Site Overlay

Moving Mayan EDMS from Direct Deployment to Docker

1. Present situation

I currently have 4 different Mayan installations running: 1 on a physical Ubuntu 22.04 LTS server and 3 others on Ubuntu 20.04 servers, each of the 3 servers being a virtual machine. Each of these installation is for different client projects (or for my own documents administration).

1.1 Downside of running all client project under a single Mayan EDMS instance with ACLs

Theoretically, Mayan has a very granular access control model that would allow to put everything into one single Mayan instance as I have shown a previous post on this blog. In practice, though, this approach is quite cumbersome as it would involve heavy ACL administration issues with each document uploaded.

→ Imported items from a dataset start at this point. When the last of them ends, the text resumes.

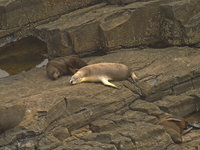 There are two seal colonies on Kangaroo Island, one of them at Cape de Couedic at the Southwestern corner of the island. New Zealand fur seals live in this colony. Fur seals are eared seals, as opposed to true seals which do not have ears. Eared seals have two hind flippers, which they can use for clumsy locomotion on land, whereas true seals have a single flipper and only use the fore flippers to move on land.
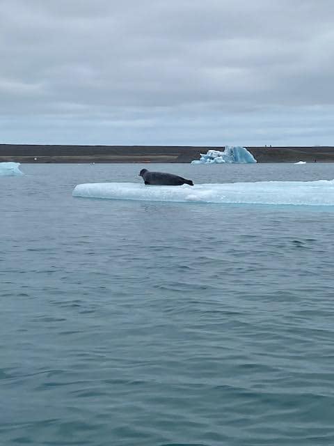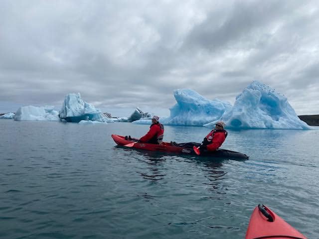 The kayaking is in a group of about 10 people, the outfitter provides protective clothing (rain top and rain pants that you wear over your own clothes, plus rubber boots), and then you go out on the lagoon in sit-on-top kayaks (mostly doubles but also some singles) for about an hour. Our guide grew up in the area near the lagoon and was really great, telling us about the glacier environment and how the icebergs move through the lagoon. There are tons of seals in the lagoon (we all agreed that whales would be even cooler!!) and we were lucky enough to see one lounging on a floating iceberg. This was truly a bucket list experience; highly recommended!
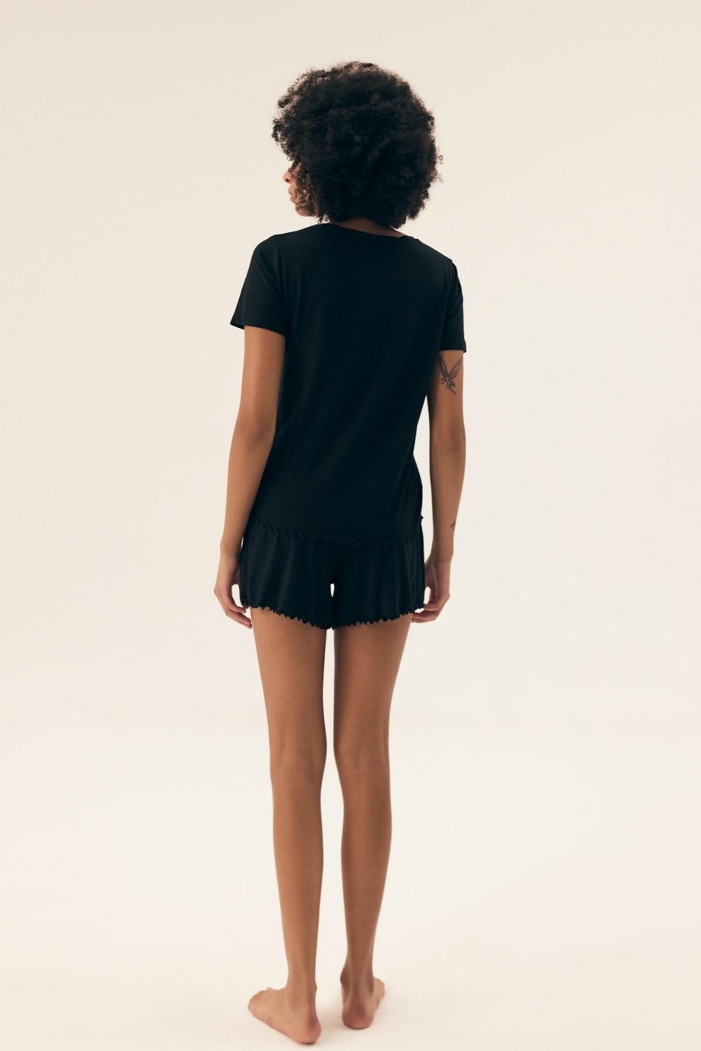 Stylish women's pajamas, made of delicate Viskoze, providing comfortable sleep throughout the night. The short-sleeved top with a V-neckline, decorated with subtle lace at the bottom, perfectly complements the shorts, which have a wide elastic waistband for even greater comfort. The smooth Materiāls: makes the pajamas pleasant to the touch, perfect for warm nights. The product is packed in a practical plastic bag, also excellent for a gift.
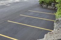 An elevated road with yellow high lines and asphalt surface in Toronto, Ontario, Canada.
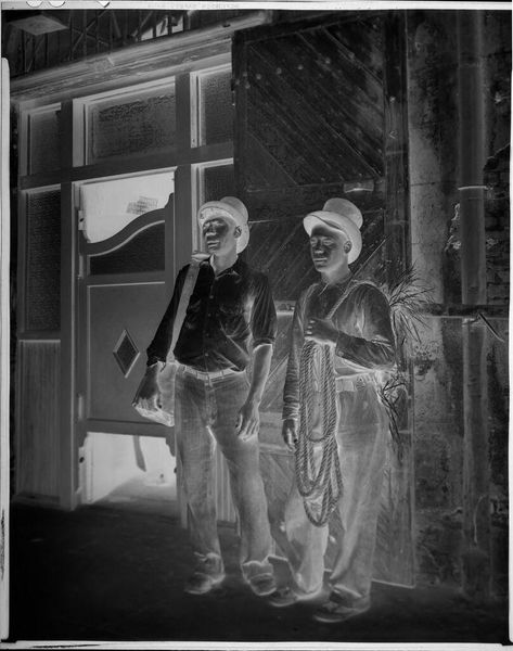 Curator: This evocative image from the Durette Studio is an "Untitled" piece, a studio portrait showcasing two girls, notable for their high button boots. Editor: The composition is striking; the inverted tones create a dreamlike, almost ethereal atmosphere. There's a ghostly quality to the light. Curator: Consider the social context. Studio portraits were a significant marker of middle-class identity and aspiration. These girls are deliberately presented as proper young ladies. Editor: The textural contrast between the smooth dresses and the intricate lacework on the boots is fascinating. It gives depth despite the limited tonal range. Curator: Their clothing signifies social class and the specific expectations placed on young women during this era, particularly around dress and deportment. Editor: The negative space around them almost makes them float. This creates an intriguing tension between the formal posing and the surreal quality. Curator: Indeed, what strikes me most is how this image documents a specific moment in time, while also hinting at broader cultural narratives of gender and class. Editor: For me, it is the balance and visual rhythm that captures attention, offering up a moment of haunting beauty, an exploration of photographic technique.
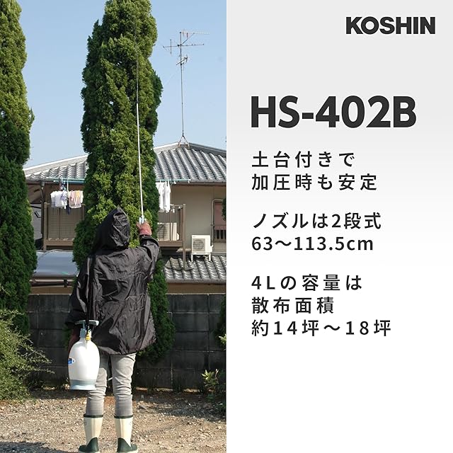 商品名:工進(KOSHIN) 蓄圧式 噴霧器 タンク 4L ミスターオート HS-402B 伸縮 2段 ノズル 噴口 1個 防除 消毒 散布

On top of that clients often insist that their documents must be kept in a completely separated environment for reasons of confidentiality. They do indeed have a point when they insist that there should be more than a simple acces control list entry that prevents an outsider from getting access to their documents.

Furthermore, running one single Mayan instance for multiple clients would mean that backup jobs could only run under a “one size fits all” setup, which would effectively result in backing up the entire system at the highest of all frequencies required by customers.

1.2 Downside of running separate Mayan installations

Given the downsides of the single instance approach in 1.1, I opted for putting each project into a single separate Mayan EDMS installation.

While that spared me the downsides of ACL administration work, customer doubts about confidentiality problems and backup issues the solution comes with its own drawbacks:

Each machine (physical or virtual) hosting the server must be updated separately. Whenever there are security upgrades by Ubuntu, new releases from Mayan, the work multiplies as compared to the single Mayan instance.

The solution therefore has the typical drawbacks in terms of redundancy – both with regards to hours spent on system maintenance as well as to resource consumption.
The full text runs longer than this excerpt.